Dataset items

──────

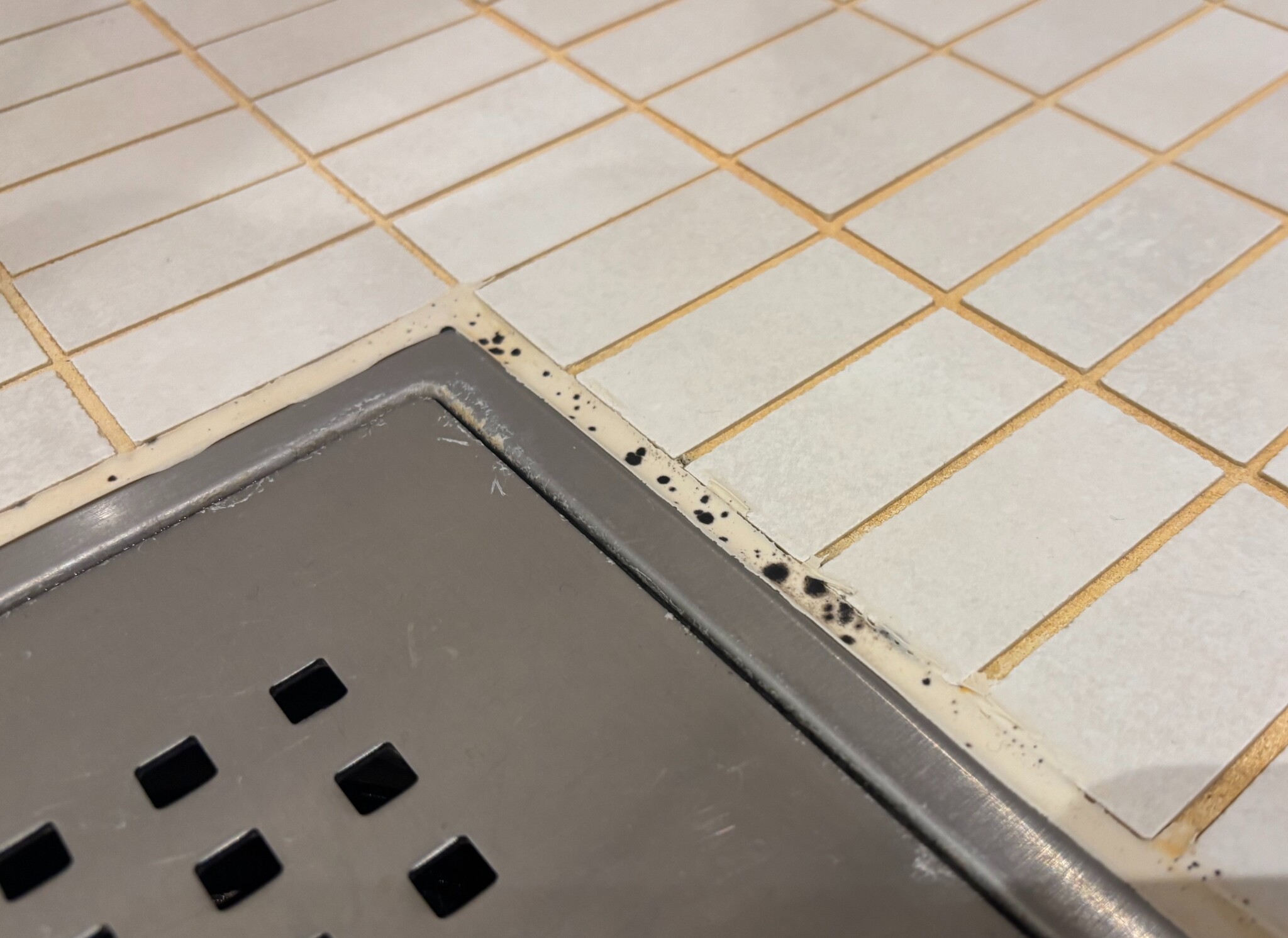 Den första bilden år från väggen där duschen är monterad, och den andra av golvbrunnen. Är det här som jag tror svartmögel? Det sitter inte ytligt och kan inte skrapas bort; jag skar bort en av fogarna och det svarta går in i silikonet, ser ut som att det fyller upp ett hålrum. Fogen är ju inte ny utan har ett antal år på nacken, men det intressanta är dock att det finns en betydligt äldre fog precis i duschen utan en enda sådan prick. Kan det månne ha varit dåligt anti-mögelmedel eller gammalt silikon? Eller borde man fuktighetsmäta och se över ventilationen? Golvytan är våt högst ett par tre timmar efter en dusch, men har inte koll på hur mycket vatten som rinner bakom kaklet, t.ex. bakom blandarens rörmanschett.
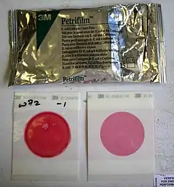 The Neogen Petrifilm plate is an all-in-one plating system made by the Food Safety Division of the Neogen Corporation. They are heavily used in many microbiology-related industries and fields to culture various micro-organisms and are meant to be a more efficient method for detection and enumeration compared to conventional plating techniques. A majority of its use is for the testing of foodstuffs.
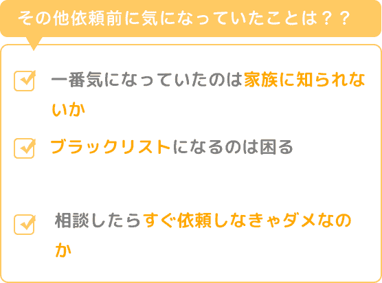 過払金請求するにあたって一番気になっていたのは家族に知られないか?誰かにバレたりかしないか?でした。あとはブラックリストになるのは困るなぁと思っていたので何年か悩んでいました。私は全部の会社の完済をしていたのでブラックリストになる事もないようでした。あとは相談したらすぐ依頼しなきゃいけないのか?と思っていました。
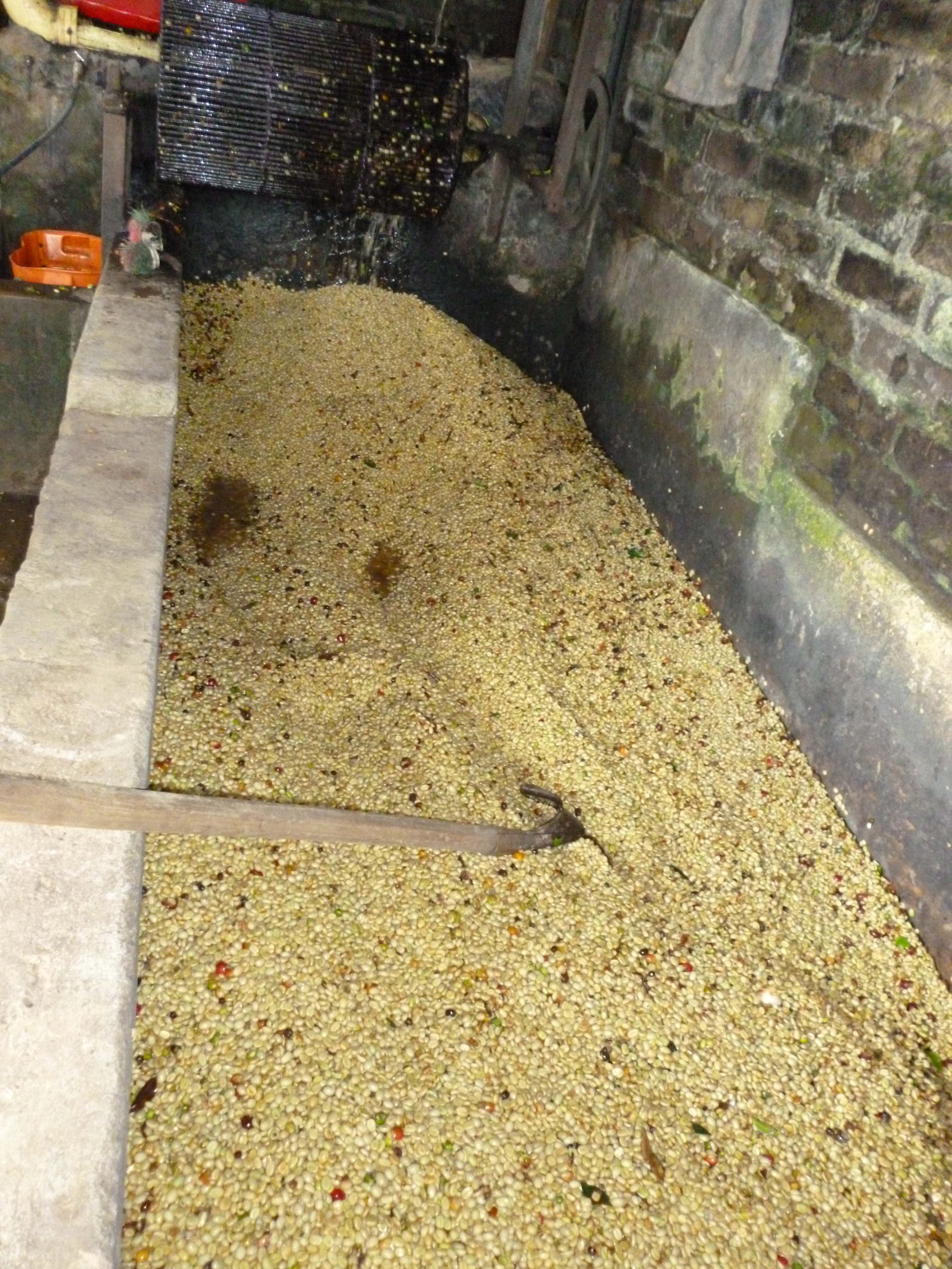 El Águila, Valle del Cauca. Fundado en 1899, por Emelecio Duque, Marcelino Echeverri y los hermanos Bernardo y Natalio Serna. Municipio desde 1947. Economía importante en agricultura, caficultura, ganadería, minería, explotación forestal, etc. Observamos en la imagen, zona de beneficio y maquina despulpadora de café
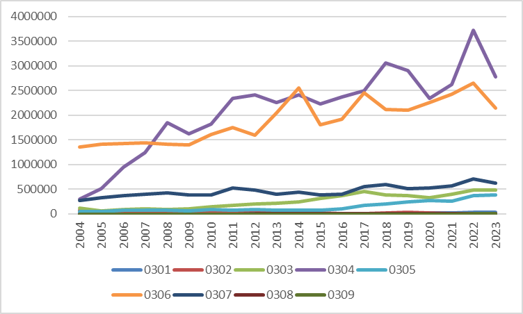 Các mặt hàng thủy sản mã HS 03 gồm cá và động vật giáp xác, động vật thân mềm và động vật thuỷ sinh không xương sống khác. Các mặt hàng này được chia thành 9 nhóm. Số liệu thống kê từ ITC cho thấy kim ngạch xuất khẩu của cả 9 nhóm hàng đều có xu hướng gia tăng theo thời gian. Tuy nhiên, ngành hàng xuất khẩu này chịu sự chi phối mạnh mẽ của hai nhóm sản phẩm chủ lực là nhóm 0304 (phi lê cá và các loại thịt cá khác - đã hoặc chưa xay, nghiền, băm, tươi, ướp lạnh hoặc đông lạnh) và nhóm 0306 (động vật giáp xác, đã hoặc chưa bóc mai, vỏ, sống, tươi, ướp lạnh, đông lạnh, làm khô, muối hoặc ngâm nước muối; hun khói; đã hoặc chưa làm chín trước hoặc trong quá trình hun khói, đã hấp chín hoặc luộc chín trong nước; bột thô, bột mịn và viên của động vật giáp xác, thích hợp dùng làm thức ăn cho người). Minh chứng rõ nét là tỷ trọng của hai nhóm hàng này luôn chiếm hơn 70% tổng kim ngạch xuất khẩu thuỷ sản mã HS 03 của Việt Nam. Cụ thể, giá trị xuất khẩu của 2 nhóm hàng này lần lượt là 300 triệu USD và 1,363 tỷ USD vào năm 2004 và ghi nhận mức kỷ lục là 3,727 tỷ USD và 2,651 tỷ USD cho từng nhóm vào năm 2022. Trong khi đó, các phân khúc còn lại trong ngành thể hiện một bức tranh khá đối lập. Bảy nhóm hàng khác chủ yếu duy trì mức xuất khẩu dưới 500 triệu USD mỗi nhóm. Đặc biệt, nhóm 0309 là một mã hàng tương đối mới, chỉ bắt đầu được khai thác xuất khẩu từ năm 2022 và mang về kim ngạch khiêm tốn 108 triệu USD. Tương tự, nhóm 0308, mặc dù đã có mặt trên thị trường xuất khẩu từ năm 2012, cũng chỉ đạt kim ngạch khoảng 2,15 triệu USD. (Hình 3)
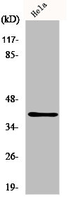 • Western Blot analysis of HeLa cells using P2Y4 Polyclonal Antibody
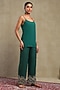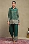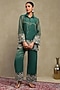 Featuring an emerald green shirt in tissue chanderi base with embroidery. It is paired with pants and a cotton slip. Accentuate it with dangler earrings and flats for a festive occasion, intimate pooja ceremony or family gathering.
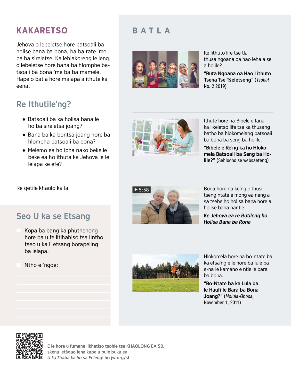 Haeba u na le bana ba banyenyane, daonlouda kapa u printe e ’ngoe ea lingoloa tse bontšang lintho tseo bana ba ka li etsang tse hlahang ho jw.org.
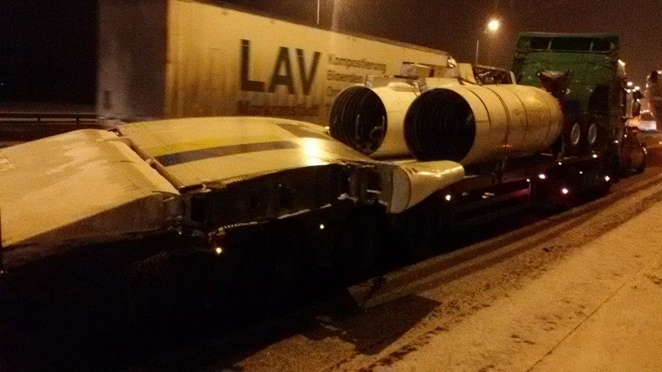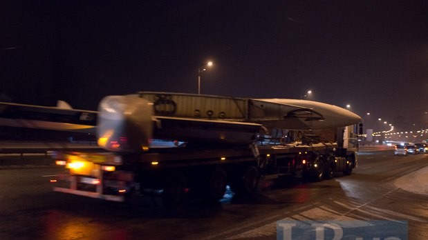 При цьому під час руху літака повністю рух транспорту не перекривали. Колона з частинами літака пересувалася тільки по одній перекритій смузі.
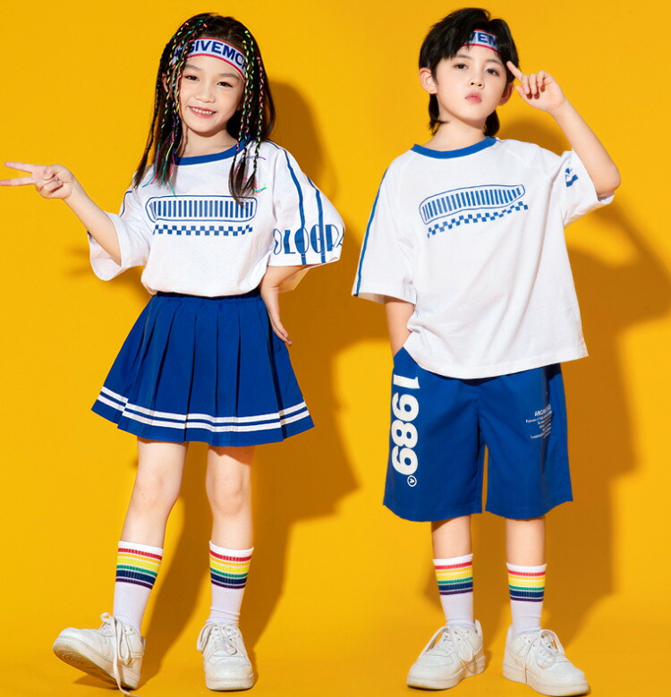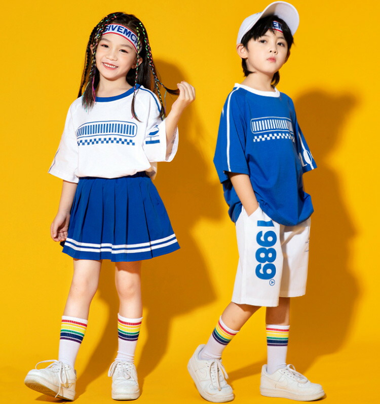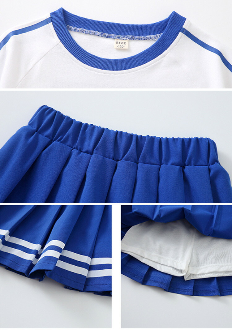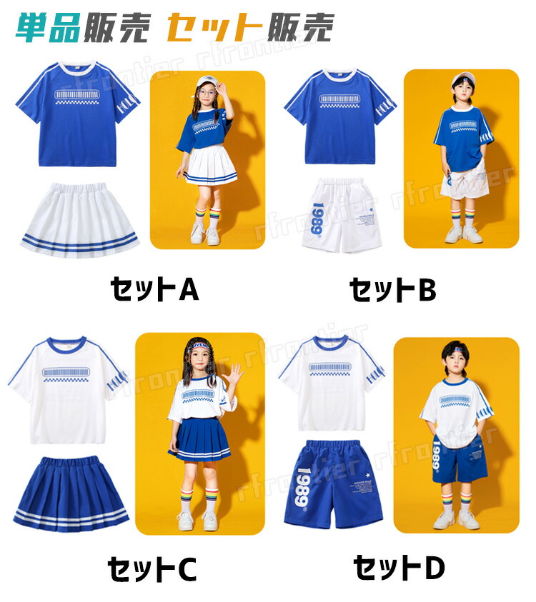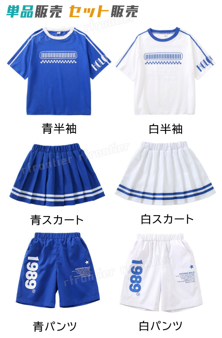 horizontal-key: 青半袖 白半袖 青スカート 白スカート 青パンツ 白パンツ セットA:青半袖+白スカート セットB:青半袖+白パンツ セットC:白半袖+青スカート セットD:白半袖+青パンツ
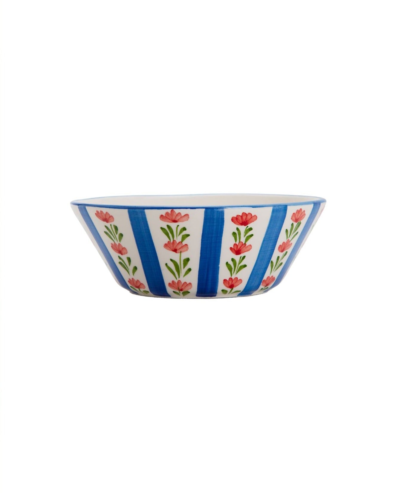 Cuenco hecho en cerámica pintado a mano en colores azul, rojo y verde.
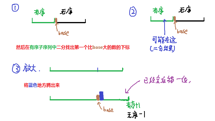 在维护一个有序序列的过程中,从左往右看,使用二分查找出第一个比 base 大的数的位置 l,然后将元素后移,在 l 处腾出空间,将 base 插入。
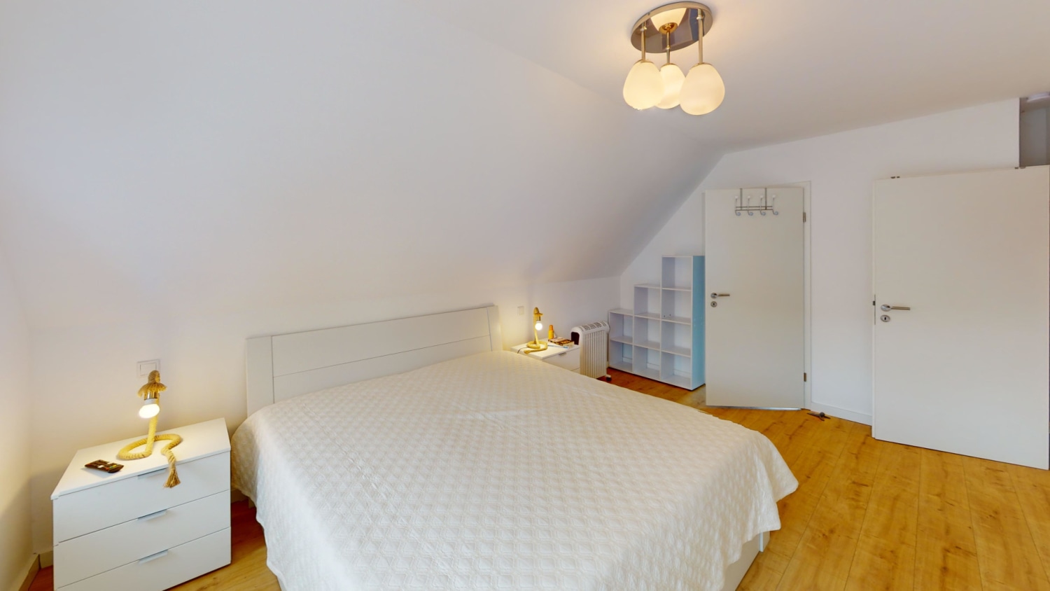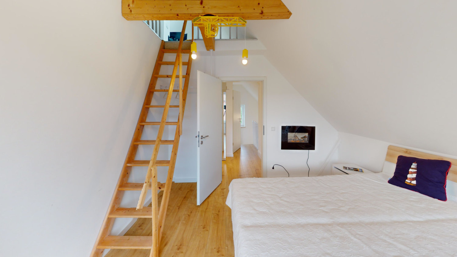 In den zwei Schlafzimmer, die jeweils mit einem Doppelbett ausgestattet sind, können Sie ruhig und erholsam schlafen, um gestärkt für den nächsten Urlaubstag zu sein. Im Dachgeschoss, welches Sie über eines der Schlafzimmer erreichen finden Sie die weiteren zwei Betten.

──────

Starting with the line that holds "在维护一个有序序列的过程中,从左往右看,使用二分查找出第一个比 base 大的数的位置", return each line exactly through the final line of the entries above; pictures are not part of the output.

### REPLY TO THE EXERCISE
 在维护一个有序序列的过程中,从左往右看,使用二分查找出第一个比 base 大的数的位置 l,然后将元素后移,在 l 处腾出空间,将 base 插入。
 In den zwei Schlafzimmer, die jeweils mit einem Doppelbett ausgestattet sind, können Sie ruhig und erholsam schlafen, um gestärkt für den nächsten Urlaubstag zu sein. Im Dachgeschoss, welches Sie über eines der Schlafzimmer erreichen finden Sie die weiteren zwei Betten.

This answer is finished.